Cllr Matt Noble, Cabinet Member for Climate Action, Regeneration and Renters, said:

 “The Climate Emergency has enabled us to act decisively in Westminster. In the first year of the Labour administration, we reduced year-on-year emissions by 17.5%, after a year of almost no improvement under the Tories. This declaration will enable similar action to combat the Ecological Emergency. We are also pleased with how successful the Citizens’ Climate Assembly was and are happy to formally acknowledge the recommendations. Tonight’s Ecological Emergency declaration begins this process, as the first step in addressing one of the Assembly’s most well supported recommendations: for the council to improve its approach to biodiversity in the City.”

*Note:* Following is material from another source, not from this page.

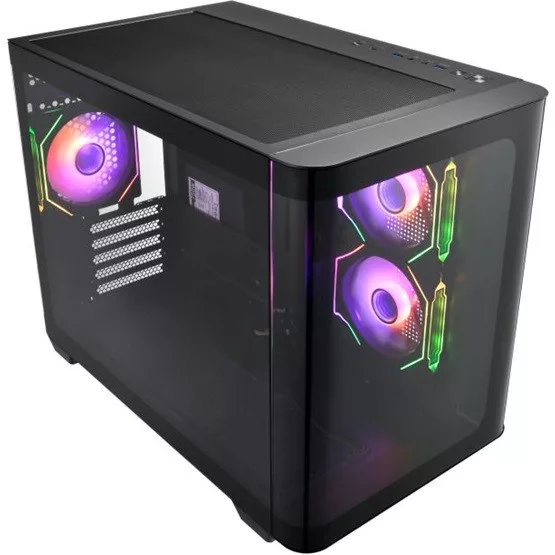 Az FSP S380 egy mikro-ATX mid-tower számítógépház, amely 270°-os átlátszó, ívelt üveg oldallappal rendelkezik, így tökéletesen bemutatja a gamer gép alkatrészeit. A ház három előre telepített 120 mm-es ARGB ventilátorral és csendes, fordított oldalventilátorokkal van felszerelve, melyek alaplappal is vezérelhetők, biztosítva a kiváló hűtést és látványos világítást. A ház támogatja a maximum 160 mm magas CPU hűtőt és akár 445 mm hosszú videokártyákat is, továbbá nagy kapacitással rendelkezik a jövőbeni bővítésekhez, például három 2,5"-es SSD-t és két 3,5"-es HDD-t is befogad. Stílusos, lekerekített 3D üveg előlappal és Type-C, USB 3.0 portokkal is ellátott, ideális választás a hatékony és esztétikus gaming gépépítéshez.

The motion commits to the Council to:

  1. Declare an ecological emergency, which recognises the global ecological emergency and the local impact this has on the communities and businesses we serve, expanding upon the climate emergency declared in 2019;
  2. Pledge to act during the first year of the Motion being accepted, to secure future measurable biodiversity net gain for Westminster, building on recent achievements such as the ‘Greening Westminster’ fund, the ‘No Mow May’ initiative, local projects which support communities to take action to improve biodiversity, the ban on the use of Glyphosate, the Wild Gardens competition and other initiatives;
  3. Publish a strategy, within the first year of the Motion being accepted, outlining our approach to improving biodiversity within Westminster, which will formally bring together and build upon work happening across the council to support biodiversity net gain;
  4. Undertake and publish a Green Infrastructure Audit, to assess the current condition and quality of green spaces in Westminster, including our 33 SINC locations in the City;
  5. Proactively look for opportunities to work in partnership with local groups and stakeholders, to ensure we are all working together to address the ecological emergency;
  6. Pledge to develop plans for further action in the second year of the Motion being accepted and beyond, based on a full assessment of the scientific evidence on how best to achieve this goal;
  7. Declare its full support for the Climate and Ecology Bill, and to write to all MPs with constituencies that contain Westminster City Council wards, to encourage them to also support the Climate and Ecology Bill.